Allí, a la izquierda, entre dos setos de laurel, estaba el atajo, el viejo camino por el que antaño habían rodado los carros, ahora alfombrado de hojarasca y helechos. Caminaron igual qué submarinistas por un leve fondo acuático, intentando que el espanto de los pájaros fuese tan mudo como el de los peces.
Más que cosa de hombres, aquella misión parecía haberse urdido en el magín umbroso de la naturaleza. La misma algarabía de los grillos les parecía ahora un protector fuego de infantería amiga. Todo estaba dispuesto, dibujado y soñado hace tiempo. Labradores con brazos de hierro como rejas de arado habían cavado aquel camino hondo hacía muchos años porque alguien,
en un sueño humeante de estiércol, intuyó que sería el túnel vegetal que
un día recorrerían dos valientes que iban a matar al Bestión.
Así fue como, a salvo del sol y de cualquier mirada, llegaron al viejo molino abandonado, enrejado de altas zarzas. Pero la ruda vegetación los acariciaba como terciopelo. La sentían de su parte. El plano era exacto. Las muelas eran dos círculos esbozados en piedra y, en el muro, la mano del dibujante había abierto la exacta ventana, con cristales bordeados de polvillo y telas de araña.
Era el mejor y el más discreto de los miradores posibles. A poca distancia, espléndido y nítido, como dibujado también por la misma mano que había hecho el plano, allí estaba el puente. Hasta los guardias de vigilancia, situados a ambos extremos, parecían querer imitar la rigidez del trazo con que habían sido señalados en el papel.
Debajo de la ventana, en el suelo, y ocultos por un pañuelo de musgo, estaban los extremos de los cables. Según lo previsto, el Bestión y su comitiva pasarían en media hora. En el instante preciso, ellos sólo tenían que hacer el contacto y el puente se derrumbaría como mecano infantil.

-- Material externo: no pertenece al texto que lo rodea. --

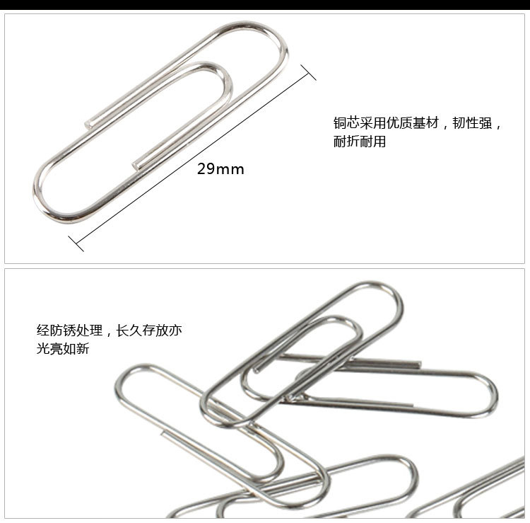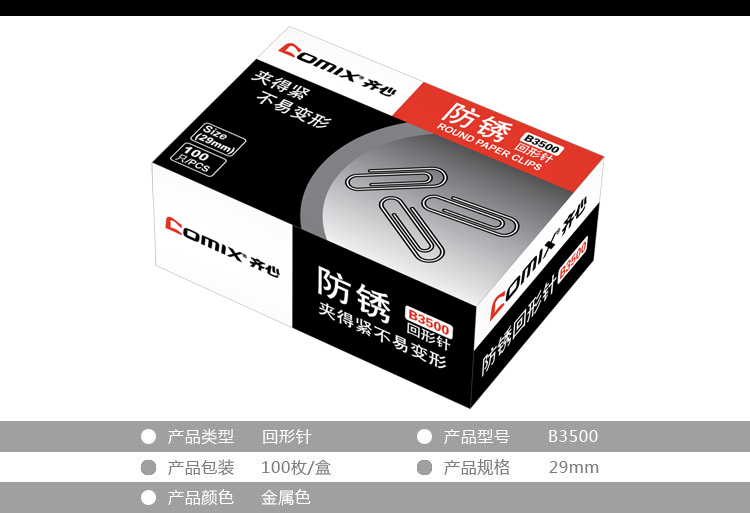 齐心 B3500防锈回形针纸盒装B3500镍29MM

Atentos al reloj, vigilaban por turnos y el que no miraba permanecía silente y pétreo, apoyado en el muro. Apenas había circulación por el puente. De vez en cuando, un automóvil que reducía la marcha, intimidado por el control, y algún tractor con el remolque cargado de hierba, con ese dejarse ir perezoso que tienen las máquinas del campo en las horas de calor. También el tiempo avanzaba lentamente, retenido por los zumbidos de los insectos y los estallidos de las vainas de las retamas.
Cinco minutos antes de la hora, así era la rutina registrada en el plano, los guardias tendrían que cortar el tráfico y ordenar a los conductores que se arrimasen a los lados, con el puente despejado.

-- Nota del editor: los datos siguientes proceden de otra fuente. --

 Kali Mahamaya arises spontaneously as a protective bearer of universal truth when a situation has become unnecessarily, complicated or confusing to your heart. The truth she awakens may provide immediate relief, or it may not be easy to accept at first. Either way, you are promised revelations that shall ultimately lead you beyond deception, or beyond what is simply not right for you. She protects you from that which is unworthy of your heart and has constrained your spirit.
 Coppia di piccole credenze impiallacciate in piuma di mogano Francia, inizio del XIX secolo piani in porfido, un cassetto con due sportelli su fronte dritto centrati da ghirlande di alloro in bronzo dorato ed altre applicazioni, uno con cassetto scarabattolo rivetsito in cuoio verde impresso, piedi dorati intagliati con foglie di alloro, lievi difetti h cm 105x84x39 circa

Pero aún no había llegado ese momento y ahora era una muchacha la que pasaba en bicicleta y tres pares de ojos la siguieron cautivos como si quisiesen ocupar el lugar de las ruedas. Llevaba el pelo recogido en una larga cola y vestía una blusa de mangas globo y un pantalón pirata de color negro, muy ceñido, y que dejaba las piernas desnudas de las rodillas para abajo.

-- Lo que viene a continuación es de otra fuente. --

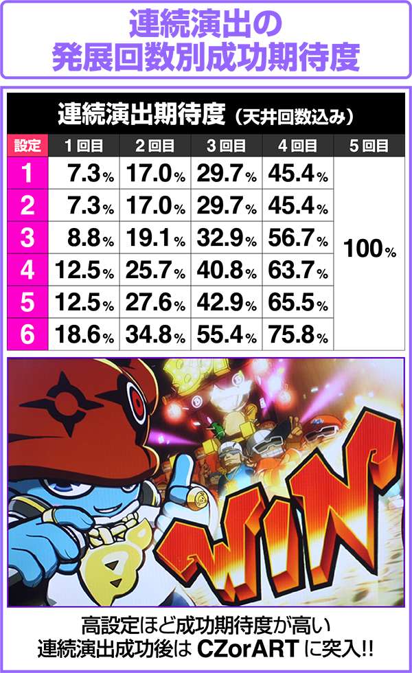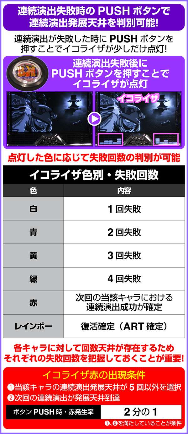 連続演出失敗時に当該キャラが何回連続演出を失敗したかはボタンPUSHにより判別が可能。当該キャラが天井に到達しても、リセット条件を満たさないかぎり、他のキャラの天井回数はリセットされないため、失敗回数を把握しておくことが重要となる。

Los dos guardias y el vigía oculto en el molino vieron cómo la muchacha giraba la cabeza hacia el río, dejaba de pedalear y luego echaba un pie al suelo para detener la marcha. Apoyó la bicicleta en la barandilla y descansó los codos en el pretil del puente.
Desde que apareció la esbelta figura de la ciclista, el vigía del molino había estado al margen de la realidad. Aquella presencia se producía fuera del plano. No existía ningún trazo que simulase una figura de mujer apoyada en el pretil, contemplando el discurrir del río, ni dos círculos como ruedas que señalasen el preciso lugar, justo en el del puente, donde estaba el pilar principal y, adherida, la carga explosiva.
Él permaneció aún durante unos segundos hechizado por la grácil belleza de la joven ciclista sin establecer un vínculo entre la irrealidad de la aparición y las agujas de su reloj. Más bien al contrario, la asoció con los lechos de trébol y fresa silvestre que se insinuaban bajo los alisos, en los recodos del río.
Pero había un desajuste. Sintió como un desagradable retortijón en las tripas cuando bajó la vista y reparó en los cables que lo unían tan estrechamente a ella.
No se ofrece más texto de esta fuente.